(Source data)

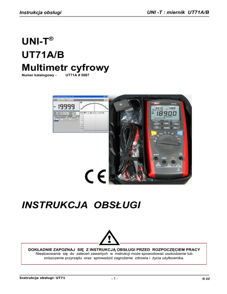 UNI -T : miernik UT71A/B Instrukcja obsługi UNI-T® UT71A/B Multimetr cyfrowy Numer katalogowy - UT71A # 5087 INSTRUKCJA OBSŁUGI DOKŁADNIE ZAPOZNAJ SIĘ Z INSTRUKCJĄ OBSŁUGI PRZED ROZPOCZĘCIEM PRACY Niestosowanie się do zaleceń zawartych w instrukcji może spowodować uszkodzenie lub zniszczenie przyrządu oraz sprowadzić zagrożenie zdrowia i życia użytkownika. Instrukcja obsługi: UT71 -1- DŻ UNI -T : miernik UT71A/B Instrukcja obsługi Rozdział Zawartość Strona Informacje ogólne 1 Wstęp Wyposażenie Bezpieczeństwo użytkowania Międzynarodowe symbole bezpieczeństwa i elektryczne Dane techniczno-eksploatacyjne 2 Dane znamionowe Zasilanie: wskaźnik stanu, oszczędzanie energii [Sleep Mode]. Podświetlenie ekranu LCD. Wymiana baterii i bezpiecznika. 3 4 A) B) C) D) E) F) G) H) I) 5 A) B) C) D) E) F) G) H) I) J) K) 5 5 5 6 6 Opis funkcjonalny Opis panela czołowego Przełącznik obrotowy Przyciski funkcyjne Funkcje miernika a wskazania (ikony) na ekranie LCD Wybór zakresu Opis ekranu LCD Wskaźnik linijkowy (Bar Graph) Stosowanie MAX MIN 7 7 7 7 9 9 10 10 10 Pomiary Pomiar napięcia V DC lub V AC Pomiar prądu A DC lub A AC Pomiar rezystancji Test ciągłości obwodu Test diody (złącza półprzewodnika) Pomiar pojemności Pomiar częstotliwości / cyklu (wypełnienia) Pomiar temperatury [tylko UT71B] Pomiar pętli prądowej 4~20mA [tylko UT71B] 11 12 12 13 13 13 14 14 14 15 Zmiana ustawień fabrycznych. 15 15 Wybór opcji Setup (Ustawienia) 6 3 3 3 3 4 Zakresy pomiarowe i dokładności Pomiar napięcia V DC Pomiar napięcia V AC Pomiar prądu A DC Pomiar prądu A AC (możliwy pomiar AC+DC) Pomiar rezystancji Test ciągłości obwodu Test diody (złącza półprzewodnika) Pomiar pojemności Pomiar częstotliwości Pomiar temperatury [tylko UT71B] Pomiar pętli prądowej 4~20mA [tylko UT71B] Instrukcja obsługi: UT71 -2- 16 16 16 16 16 17 17 17 17 17 18 18 DŻ UNI -T : miernik UT71A/B Instrukcja obsługi 1. INFORMACJE OGÓLNE Wstęp Dziękujemy za zakup miernika UNI-T UT71A/B. Załączona instrukcja obsługi miernika zawiera ważne informacje dotyczące bezpieczeństwa pracy i właściwego użytkowanie miernika. Zalecamy zapoznanie się z instrukcją, w szczególności z uwagami oznaczonymi symbolem Ważna informacja ! Multimetr UNI-T UT71A/B (dalej nazywany miernikiem) posiada funkcje pomiaru napięcia i prądu (stałego i przemiennego, rezystancji, pojemności, częstotliwości, diody, ciągłości obwodu, tryb względny, AC True RMS, AC+DC, wskaźnik rozładowania baterii, dwustopniowe podświetlenie skali, Data Hold, automatyczne wyłączanie zasilania oraz pełne zabezpieczenie przed przeciążeniem. Miernik UT71B ma dodatkowo pomiar temperatury, pętli 4-20mA, tryb magazynowania danych [Data Store] oraz odczyt przechowywanych danych [Data Recall]. Wyposażenie ● ● ● ● Instrukcja obsługi Przewody pomiarowe Przyłącza pomiarowe Przyłącze interfejsu USB 1 1kpl 2kpl 1 ● ● ● ● Płyta CD (program, instrukcja) Futerał ochronny Bateria 9V [NEDA 1604, 6F22, lub 006P] Sonda temperatury: T/C:K [tylko UT71B] 1 1 1 1 W wypadku stwierdzenia niekompletnego wyposażenia proszę skontaktować się ze sprzedawcą Bezpieczeństwo użytkowania Miernik spełnia standardy IEC-61010 bezpieczeństwa pomiarów: dla zakresu ochrony środowiska stopień 2, dla zakresu przeciążeń napięciowych [ CAT III 1000V, CAT.IV 600V ] oraz posiada podwójną izolację. CAT.III: poziom dystrybucji, instalacje mieszane, mniejsze nieustalone przepięcie niż w CAT.IV. CAT.IV: Poziom podstawowy zaopatrzenia, systemy kablowe, linie napowietrzne. Miernik należy używać tylko do pomiarów wyspecyfikowanych (zgodnych) w instrukcji, w przeciwnym wypadku zabezpieczenia miernika mogą być niewystarczające. Zagrożenie: sygnalizuje warunki i czynności, które moga powodować zagrożenie utraty zdrowia lub życia użytkownika. Informuje o sposobach zabezpieczenia się przed porażeniem prądem elektrycznym. UWAGA: sygnalizuje warunki i czynności, które moga powodować uszkodzenie miernika, prowadzące do niedokładnych pomiarów (wskazań). ZAGROŻENIE ! Używanie miernika niezgodnie z instrukcją może spowodować, że zabezpieczenia miernika nie wystarczą do bezpiecznej pracy. Przed rozpoczęciem pracy lub naprawy miernika, należy uważnie zapoznać się z następującymi informacjami. ► Nie doprowadzać do miernika napięć powyżej 1000VDC/AC. ► Nie używać miernika w środowisku wybuchowym (gazy, opary). ► Nie używać miernika w warukach kondensacji wilgoci. ► Podczas pomiarów nie dotykać części metalowych sond pomiarowych. Palce należy trzymać powyżej izolacyjnych osłon tych sond. ► Nie używać miernika, gdy zdjęta jest jego pokrywa lub są wymontowane jakieś części. ► Podczas pomiaru izolacji nie dotykać mierzonego obwodu. Instrukcja obsługi: UT71 -3- DŻ UNI -T : miernik UT71A/B Instrukcja obsługi UWAGA ! ► Przed rozpoczęciem pomiarów dokonać inspekcji miernika (przewodów pomiarowych), czy nie jest uszkodzony. Nie używać miernika w wypadku uszkodzenia mechanicznego, gdy wystają z niego metalowe części, gdy uszkodzona jest plastikowa obudowa. ► Pełna zgodność ze standardami bezpieczeństwa jest gwarantowana tylko, gdy używane są dostarczone w komplecie przewody pomiarowe. W wypadku uszkodzenia, przewody powinny być wymienione na ten sam model lub przewody o takich samych parametrach elektrycznych. ► Nie używać uszkodzonych przewodów pomiarowych. ► Nie dotykać końcówek i gniazd pomiarowych podczas pomiaru. ► Nie wykonywać pomiarów mokrymi rękami oraz w miejscach o dużej wilgotności. Niestosowanie się do zaleceń grozi porażeniem prądem. ► Zachować szczególną ostrożność przy pomiarach powyżej 60VDC lub 30 VACrms ► Nie wolno przekraczać wartości granicznych wielkości elektrycznych podanych dla każdego zakresu pomiarowego. Gdy nie jest znana skala mierzonej wielkości elektrycznej należy do pom
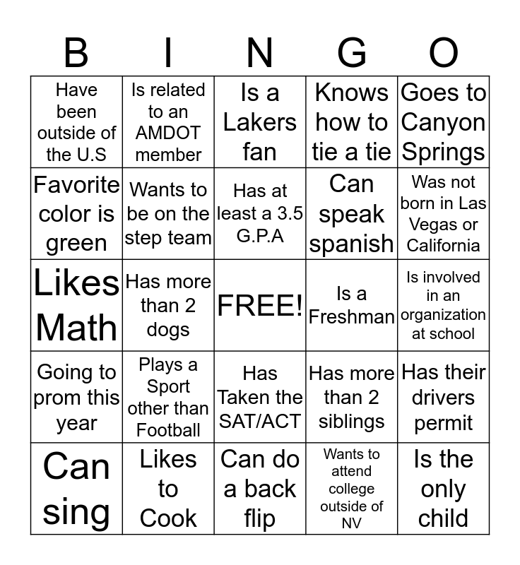 This bingo card has a free space and 24 words: Plays a Sport other than Football, Likes to Cook, Has at least a 3.5 G.P.A, Can sing, Goes to Canyon Springs, Have been outside of the U.S, Favorite color is green, Is related to an AMDOT member, Is a Freshman, Has Taken the SAT/ACT, Can speak spanish, Likes Math, Has more than 2 siblings, Has their drivers permit, Wants to be on the step team, Wants to attend college outside of NV, Is involved in an organization at school, Is a Lakers fan, Was not born in Las Vegas or California, Has more than 2 dogs, Is the only child, Going to prom this year, Knows how to tie a tie and Can do a back flip.
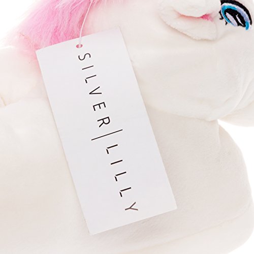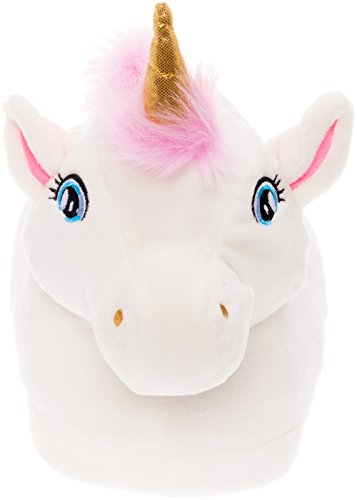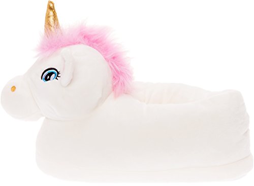 Binding : Apparel Product Description Fill your mornings with magic with these Unicorn Slippers by Silver Lilly! These adorable slippers are ultra-soft, perfect for lounging around the house. Each slipper features embroidered eyes, a glittering gold horn, and bright pink mane for a picture perfect unicorn. A comfort foam footbed provides unmatched support, and the gripped outsole gives the perfect amount of traction. Great for adults and kids alike, these fun slippers will make you smile every time you wear them! Available in sizes Small, Medium, Large, and X-Large. 0
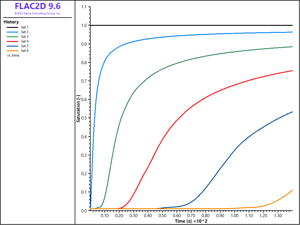 Figure 1 shows the evolution of saturation at monitoring points indicated in Figure 2 for the first 140 seconds after the caisson is placed in contact with water. It is clear that 140 seconds is enough time for the saturation front to reach all monitoring points. Contours of saturation at the end of the infiltration period are shown in Figure 2. Lastly, the partially-saturated fluid compressibility (inverse of Biot modulus) is shown in Figure 3.
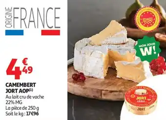 Actuellement en offre chez Auchan Supermarché : Camembert jort aop ✅ Valable du 10-02 au 21-02.
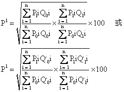 式中,PI为股票价格指数; n为样本股票数; P1i为第i种样本股票的报告期价格;P0i为第i种样本的股票基期价格; Q0i为第i种样本股票的基期交易量; Q1i为第i种样本股票的报告期交易量; Q’0i为第i种股票的基期发行量; Q’1i为第i种股票的报告期发行量。几何平均法 几何平均法geometric average approach股票价格指数的计算方法之一。其公式为:
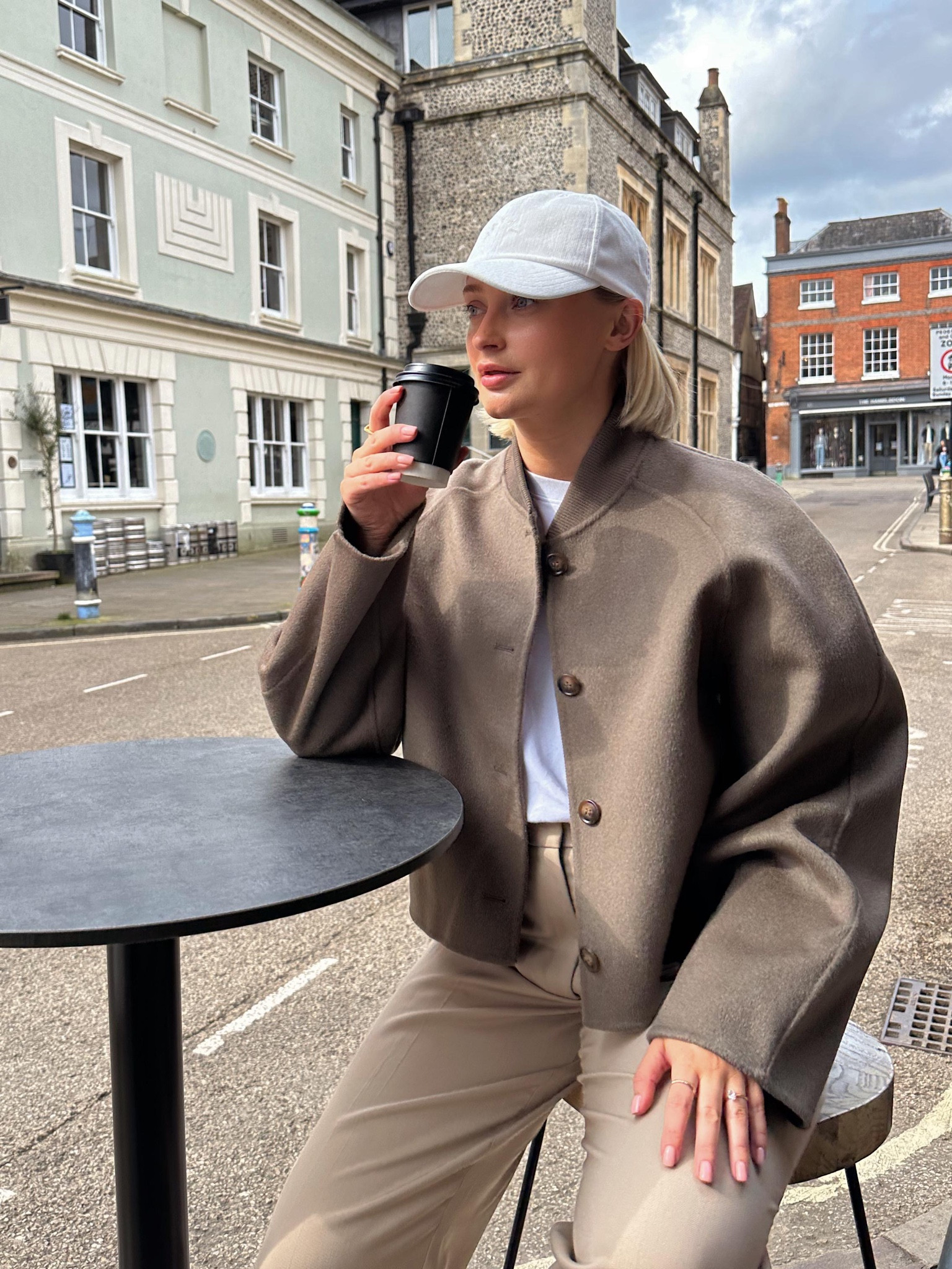 The outfit strikes a perfect balance between comfort and style with its loose-fitting layers and neutral color palette, exuding a relaxed yet chic vibe. The effortless mix of casual and structured pieces, like pairing a simple baseball cap with a tailored coat, truly encapsulates a modern, urban fashion sensibility.
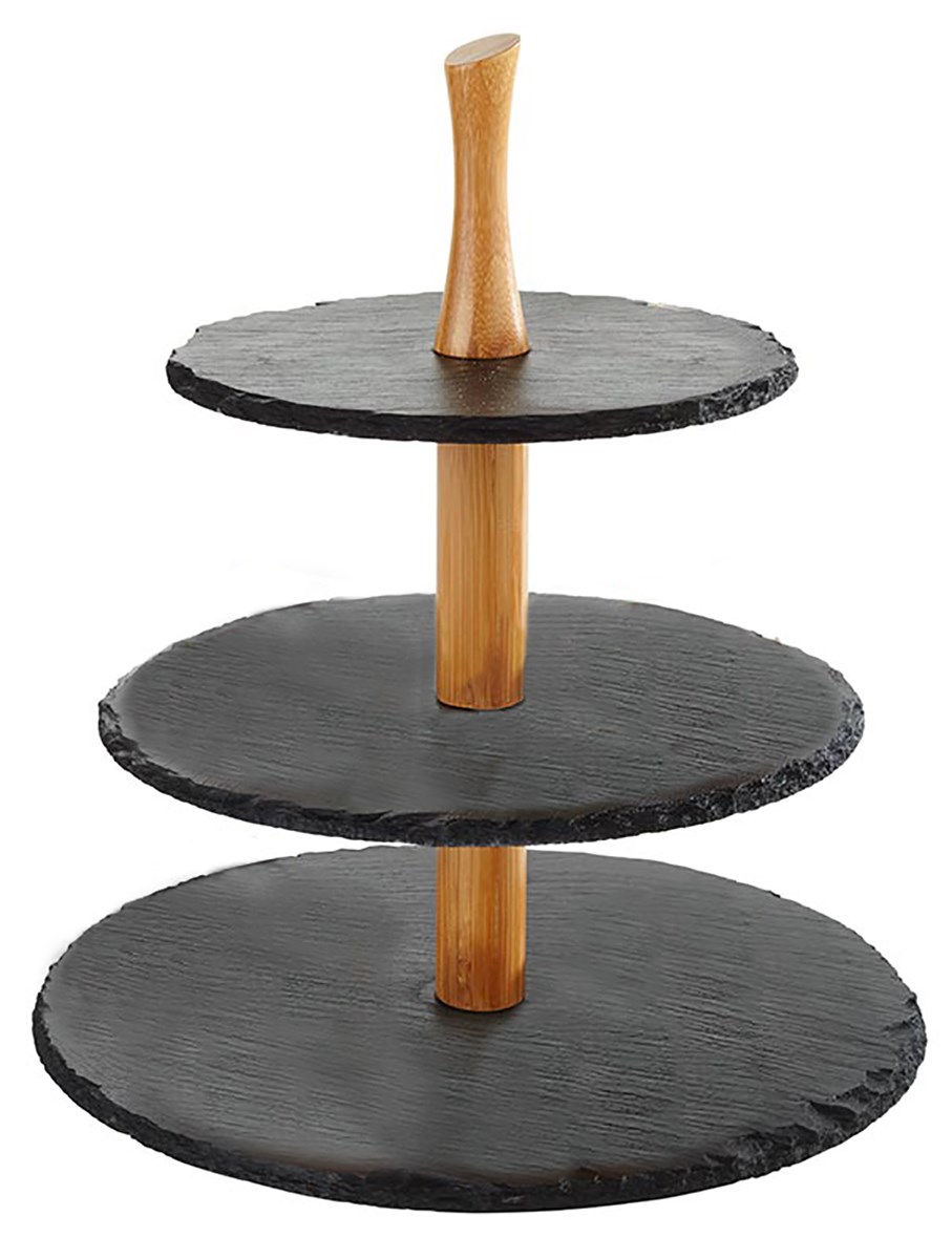 Stojan MORRA břidlice/dřevo 30 cm 3patra 1 ks

**Task goal:** Of the entries above, print exactly those lines that run from the one containing "The outfit strikes" through the last line, excluding any pictures.

**Solution to this task:**
 The outfit strikes a perfect balance between comfort and style with its loose-fitting layers and neutral color palette, exuding a relaxed yet chic vibe. The effortless mix of casual and structured pieces, like pairing a simple baseball cap with a tailored coat, truly encapsulates a modern, urban fashion sensibility.
 Stojan MORRA břidlice/dřevo 30 cm 3patra 1 ks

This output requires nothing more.